Bug 48325

Summary: bad text 'Page &P of &N' and similar errors when reading in spreadsheets
Product: POI Reporter: Trejkaz (pen name) <trejkaz>
Component: HSSFAssignee: POI Developers List <dev>
Severity: regression CC: aelyacoubi, tanakas
Priority: P2    
Version: 3.6-FINAL   
Target Milestone: ---   
Hardware: Sun   
OS: Solaris   
Attachments: Sample file
Proposed patch

Description Trejkaz (pen name) 2009-12-01 19:41:07 UTC
We have seen this error in logs from customer sites, which prevent getting the text out (HeaderFooter only has API for getLeft(), getCenter() and getRight(), and all three throw the exception:

Caused by: java.lang.IllegalStateException: bad text 'Page &P of &N'.
    at org.apache.poi.hssf.usermodel.HeaderFooter.splitParts(HeaderFooter.java:77)
    at org.apache.poi.hssf.usermodel.HeaderFooter.getLeft(HeaderFooter.java:87)
    at com.nuix.data.file.office.poi.PoiExcelFileReader$SheetReader.createNextReader(SourceFile:273)
    at com.nuix.util.LazyCompositeReader.isReaderAvailable(SourceFile:93)
    at com.nuix.util.LazyCompositeReader.read(SourceFile:40)
    at com.nuix.util.LazyCompositeReader.read(SourceFile:42)
    at com.nuix.data.util.CachingReaderFactory.readFully(SourceFile:201)
    at com.nuix.data.util.CachingReaderFactory.createReader(SourceFile:104)
    ... 14 more

We have seen the same thing with '&A' as well.

This is a regression from before 3.5 beta 6, when these methods used to silently return null instead.  However I'm not sure that returning null is correct either - what would make the most sense is to match the behaviour of Excel in this situation, which is presumably to treat all the text as if it's the left or the center (but which?)
Comment 1 Trejkaz (pen name) 2009-12-03 19:20:09 UTC
Created attachment 24668 [details]
Sample file

Sample file attached, was created using an XLS file output from POI but then mangling the footer to have the problem described.

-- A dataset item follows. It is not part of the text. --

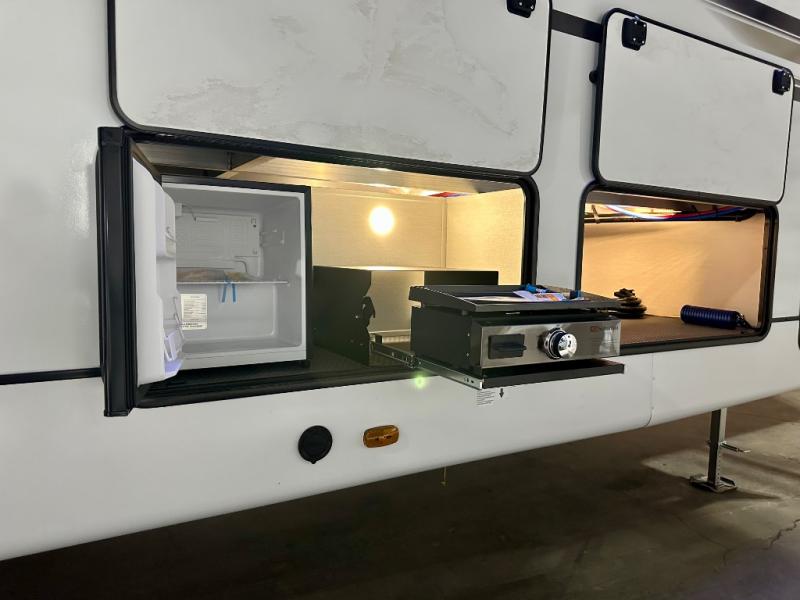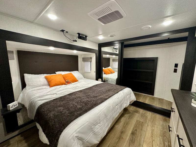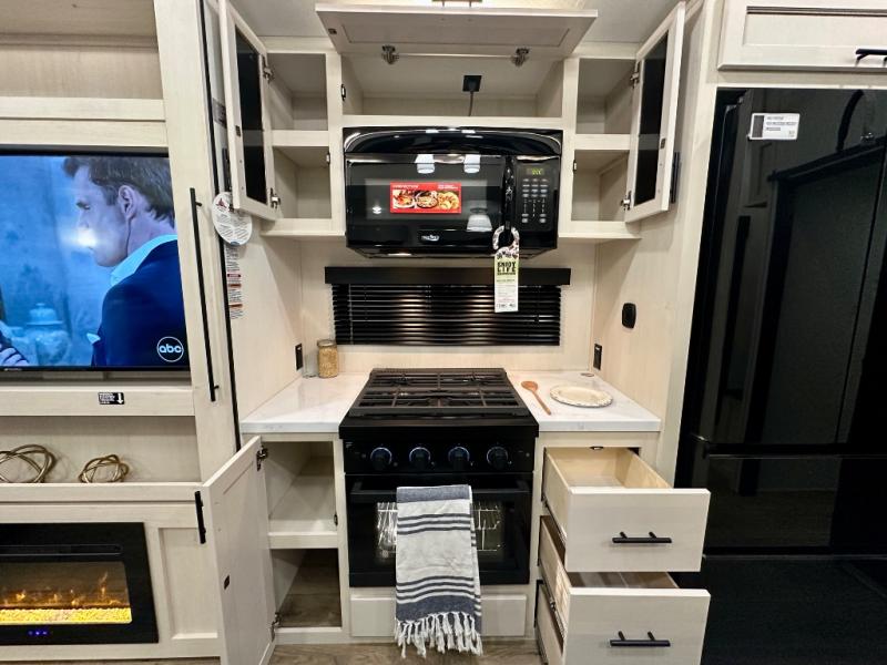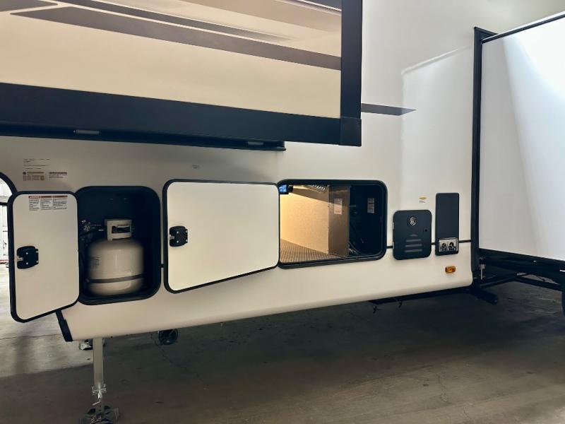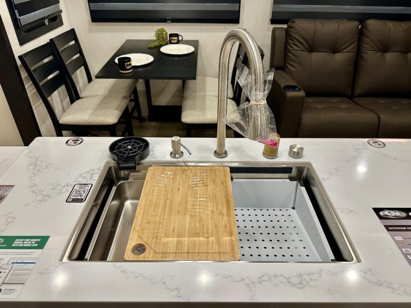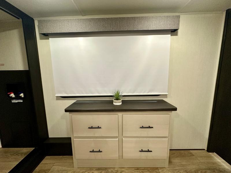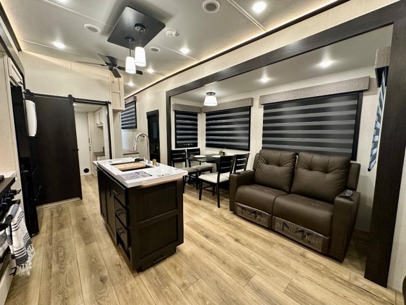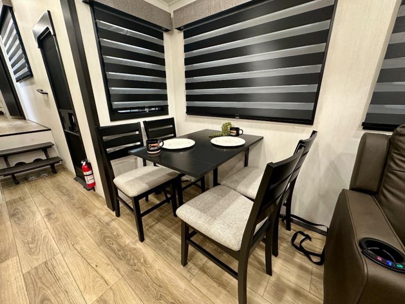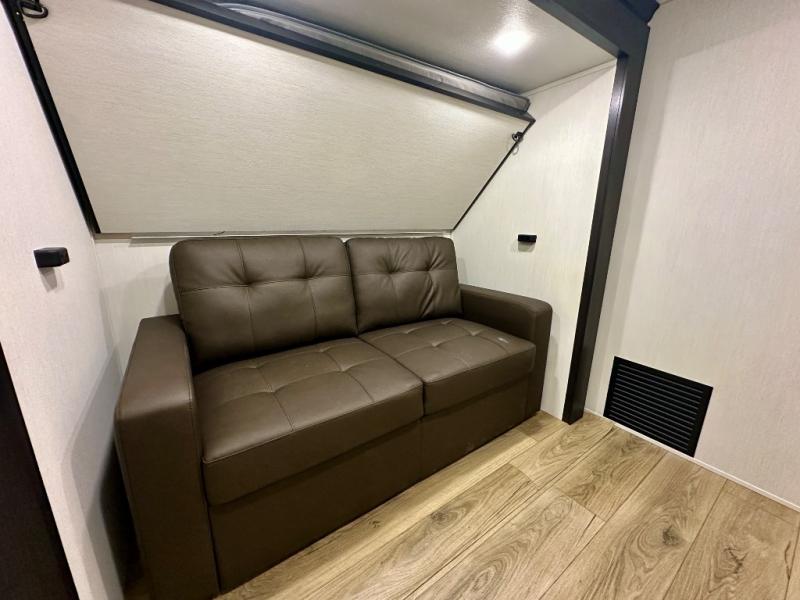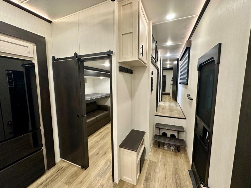 There is much to love in this fifth wheel! Starting with the second bedroom which has a slide that houses a flip-up bunk above a tri-fold sofa across from a desk with drawers, a drop zone, and a wardrobe, plus above all of that is a storage/bunk loft. The rear living area includes a tri-fold sofa, a TV with a hidden pantry behind, and theater seating for two making this space another area at night for guests. In the morning, you can prepare breakfast on the kitchen island, then dine together at the versatile dinette/desk. The full bath will allow you to stay clean throughout your trip, and you'll feel right at home in the front private bedroom with a camper king bed, a dresser, and front wardrobe. Outside, a kitchen and two power awnings create an inviting space!
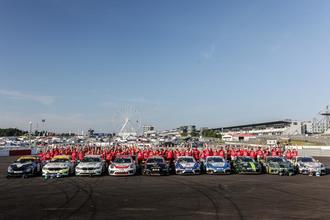 Teamfoto von Sorg Rennsport mit den zehn eingesetzten Fahrzeugen des Rennstalls beim 24h-Rennen

Test case would look something like this (though there is a small amount of our own utility method calls up the top):

    public void testIllegalFooterText() throws Exception
        HSSFWorkbook wb = loadWorkbook(getDataFile("office/illegal-footer-text.xls"));
        HSSFSheet sh = wb.getSheetAt(0);
        HSSFFooter f = sh.getFooter();

        // The legal form of the footer would have been "&CBlahBlah Blah Blah  " but something
        // left the &C off.  In this case it was me and a hex editor.  In the cases we have seen
        // in the wild it's probably some idiot who thought they knew how to add a footer but didn't.

        assertEquals("Left text should be empty", "", f.getLeft());
        assertEquals("Right text should be empty", "", f.getRight());
        assertEquals("Center text should contain the illegal value", "BlahBlah blah blah  ", f.getCenter());
Comment 2 Trejkaz (pen name) 2009-12-03 19:21:22 UTC
Created attachment 24669 [details]
Proposed patch

Patch which makes that test pass.
Comment 3 Nick Burch 2010-09-21 07:33:35 UTC
Thanks for the patch and test, applied in r999320.